Sakarya Üniversitesi Tarih Bölümü Öğretim Üyesi Prof. Dr. Ebubekir Sofuoğlu, katıldığı bir canlı yayında üniversiteler için “fuhuş evleri” ifadelerini kullanmış ve bu sözleri kamuoyunda büyük tepki toplamıştı.
Sofuoğlu’nun bu sözleri başta Cumhurbaşkanlığı Erdoğan dahil toplumun geniş kesimleri tarafından eleştirilmişti.
Bu konuda hakkında bir soruşturma da yürütülen Ebubekir Sofuoğlu ismi bugün yeniden gündeme geldi.
İLGİNÇ 'ATAMA'
Genel Başkanlığını, İkinci Abdülhamid’in torunu olduğunu iddia eden Abdülhamid Kayıhan Osmanoğlu’nun yaptığı Devlet-i Aliyye Ocakları, Ebubekir Sofuoğlu’nun ocağın Eğitim Komisyonu başkanlığına "atandığını" duyurdu.
Devlet-i Aliyye Ocakları’nın sosyal medya hesabından yapılan açıklamada şu ifadeler kullanıldı:
“Devleti Aliyye Ocakları Genel Merkez Eğitim Komisyonu Başkanlığına Genel Başkanımız Şehzade Abdülhamid Kayıhan Osmanoğlu Tarafından Çok Kıymetli Hocamız Prof Dr Ebubekir Sofuoğlu Hocamız Atanmıştır. Hakkı ve Hakikati Haykırmaya Hocamızla Birlikte Devam Edeceğiz.”
ÇOK ÖNEMLİ BİR SAHTEKARLIK
Yaptığımız araştırmalara göre Osmanlı Hanedanı soyundan Abdülhamit Kayıhan Osmanoğlu isimli şahıs bulunmamaktadır. OSmanlı'da ve bütün dünyada soy babadan devam eder. (Yahudiler hariç). Osmanlı sultanlarının erkek çocukları ve onların torunlarının torunları arasında dahi bu isimde bir şahıs bulunmamaktadır. Ayrıca Osmanlı ailesi yaşadığı bütün açlık sevalet ve yoksulluğa regmen kendi asil duruşundan asla taviz vermediği gibi tarihin hiç bir döneminde medya maymunu pozisyonuna da düşmemiştir.
Dünya'da hiç bir han, İmparator veya kral soyundan gelen özellikle erkek bireyler, kendi ailelerinin hatıralarını, isimlerini ve toplum nezdindeki saygınlıklarını asla paraya ve maddi şeylere tahvil etmezler.

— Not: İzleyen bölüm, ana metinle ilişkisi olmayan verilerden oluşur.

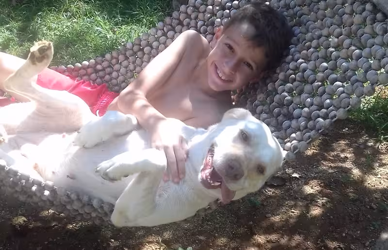 Luiz e Fiona são amigos inseparáveis. Eles se divertem juntos no pomar da casa da família, jogam frisbee e brincam de pega-pega. Há um ano, depois da cachorrinho de Luiz morrer de velhice, Fiona foi adotada por meio da Associação Brusquense de Proteção aos Animais (Acapra). Mesmo desajeitada e sem noção da força que tem – são 37 quilos -, Fiona é uma típica labradora e adora abraçar e mostrar o seu afeto pelo seu tutor mirim e por toda a família Dutra Faria. Na casa ainda há outros animais: duas calopsitas, dois periquitos, um gato e mais um cachorro. É muito amor animal neste lar!
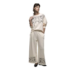 Pantalón cropped conjunto con goma en cintura y bajo con bordado. Tejido en mezcla de algodón
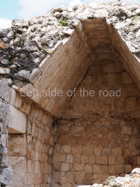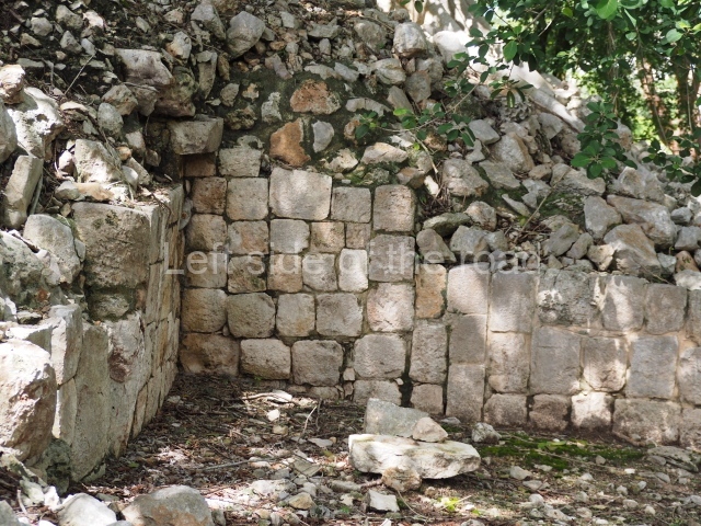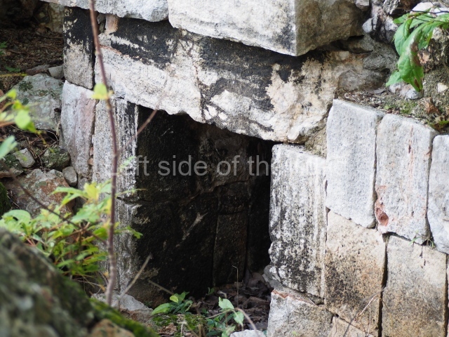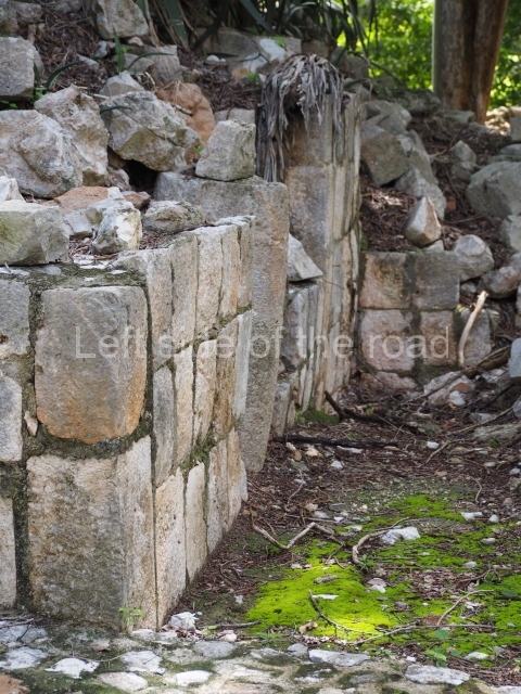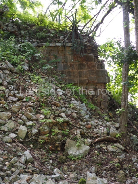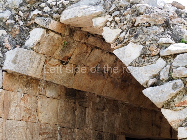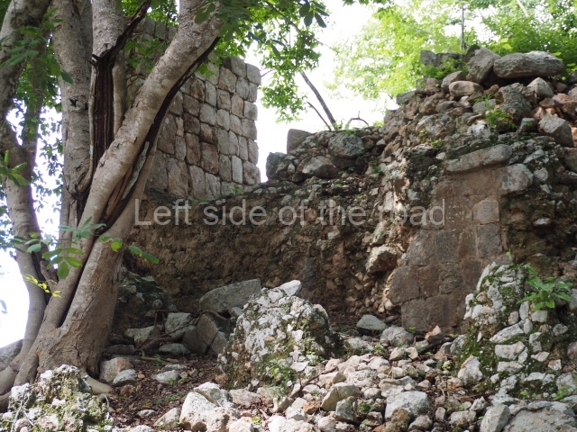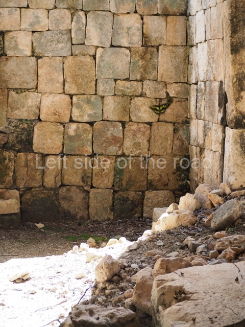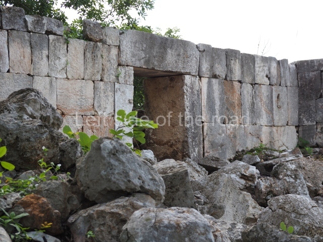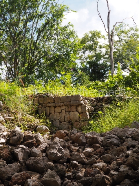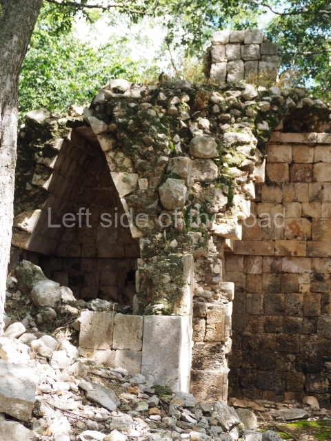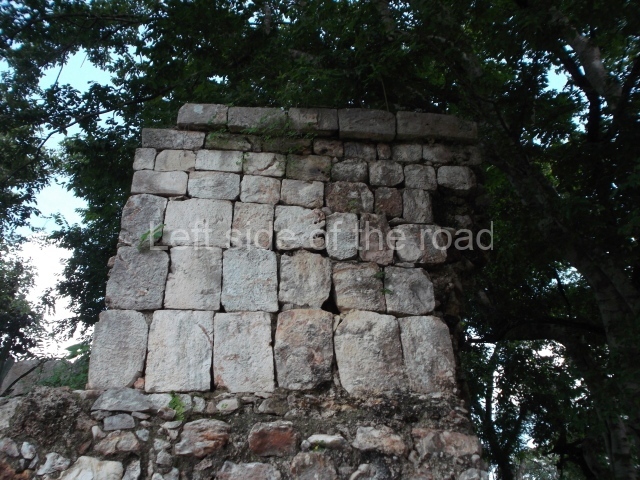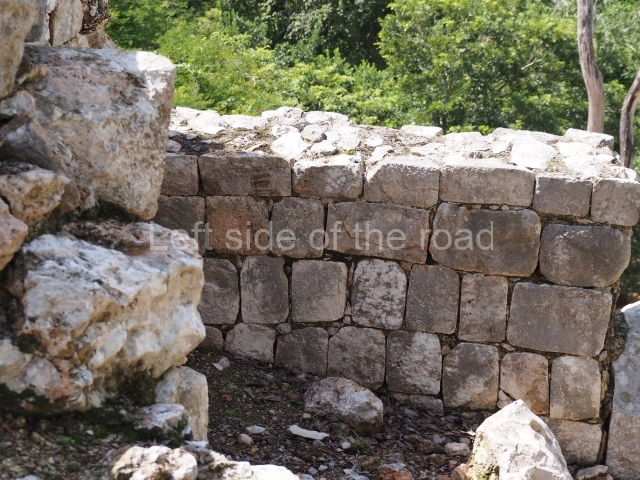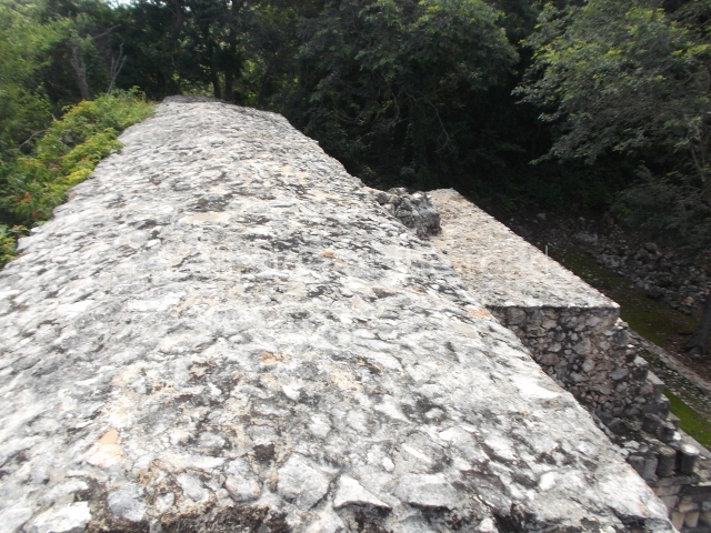 The first building that can be visited is situated at the top of a natural elevation some 15 m above ground level and consists of three south-facing rooms; the central one is connected to another interior space and its facade is partly covered by a projecting stairway leading to the roof or top floor. The northern section bounds a plaza at the top of the hill, at the centre of which the Maya built a cistern. Here, a new concrete ring protects the mouth of the chultun and prevents accidents. Originally, there was a carved stone ring with four perforations to channel the water.
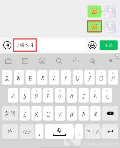 3、然后点击右侧的【发送】按钮,我们可以看到发送出去的文字消息就变成了糗大了表情包;
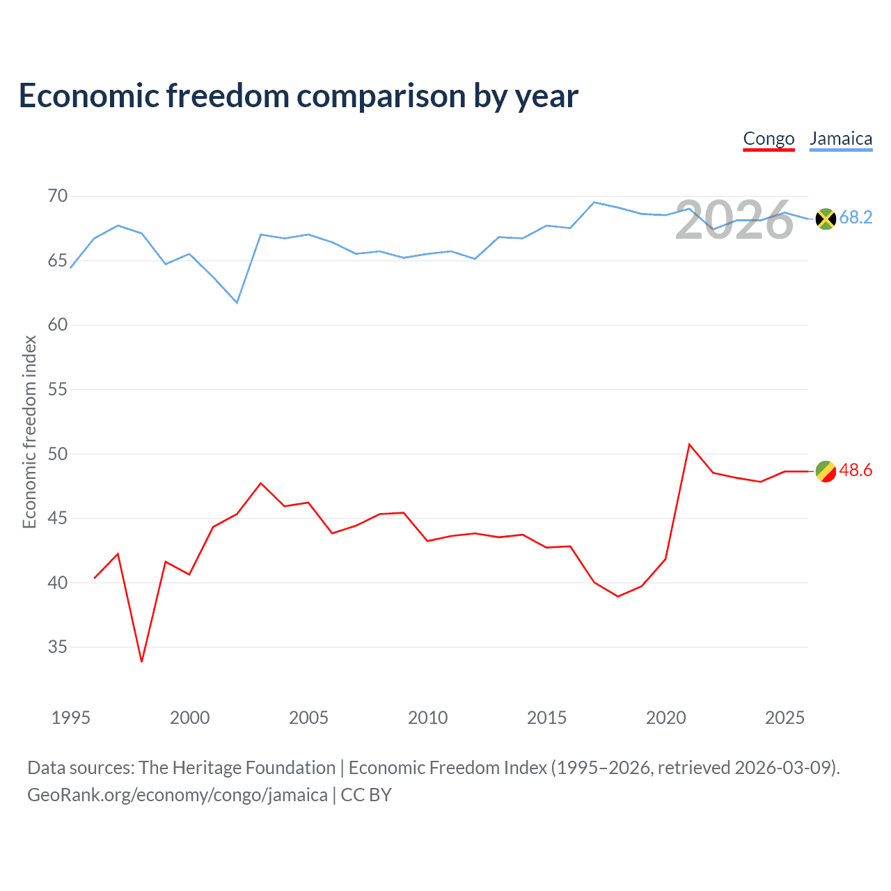 The Economic Freedom Index for the Congo is 48.6, ranking 169/197, compared to 68.2 for Jamaica, ranking 48/197. The chart above displays a comparison of annual changes in economic freedom indexes.
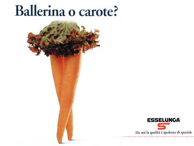 Ballerina o carote? Così, Armando Testa aveva titolato per la carota negli anni ‘90, mentre sviluppava una fortunata seria di affissioni dedicata ai prodotti ortofrutticoli per l’azienda di Pioltello.
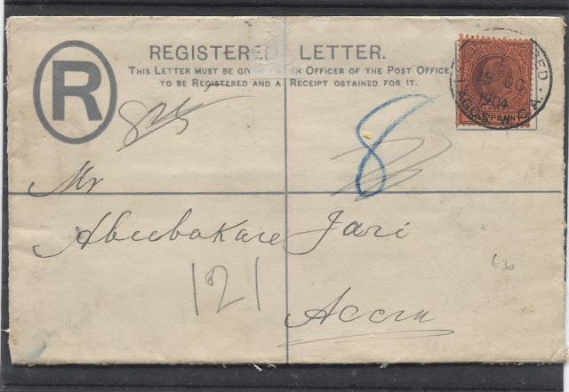 Finally I have one used registered envelope sent to Accra, Gold Coast and one postcard to the UK:
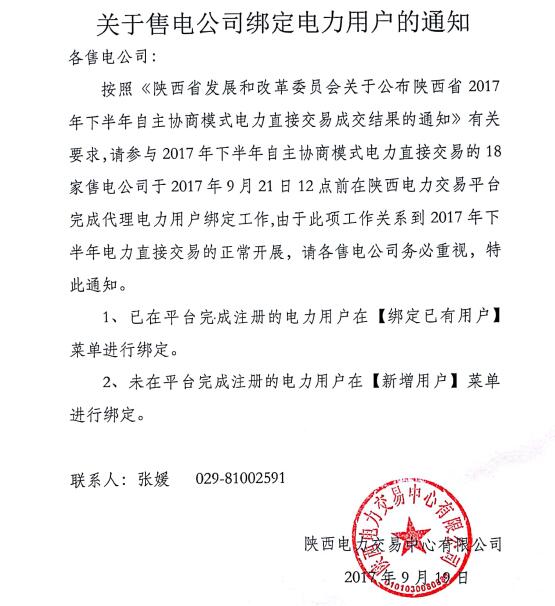 2017年9月19日,陜西電力交易中心發(fā)布《關(guān)于售電公司綁定電力用戶的通知》。按照《陜西省發(fā)展和改革委員會關(guān)于公布陜西省2017年下半年自主協(xié)商模式電力直接交易成交結(jié)果的通知》有關(guān)要求,參與2017年下半年自主協(xié)商模式電力直接交易的18家售電公司需于2017年9月21日12點前在陜西電力交易平臺完成代理電力用戶綁定工作,此項工作將關(guān)系到2017年下半年電力直接交易的正常開展。

Oysa bahsi geçin şahsın öcret almadan bir konferansa dahi gitmediği belirtiliyor.
Osmanlı devletinin resmi adı Devlet-i Aliye olduğunu herkes bilmektedir. Ancak Han sülalesinden solmayan bu şahsın Osmanlı devletinin ve han sülalesinin adını kullanmasına hiç bir devlet ve hükümet yetkilisinin müdahil olmaması şaşırtıcı bulunuyor.
Görüşlerine başvurduğumuz ilgili kişiler ise hükümetin bu ünvan hırsızlığı olayından haberdar olmadığını,, Devlet-i Aliye adının kullanılması ile ilgili de tarihçilerin konuşması gerektiği ve bu gaspı engellemek zorunda olduklarını belirtiyorlar.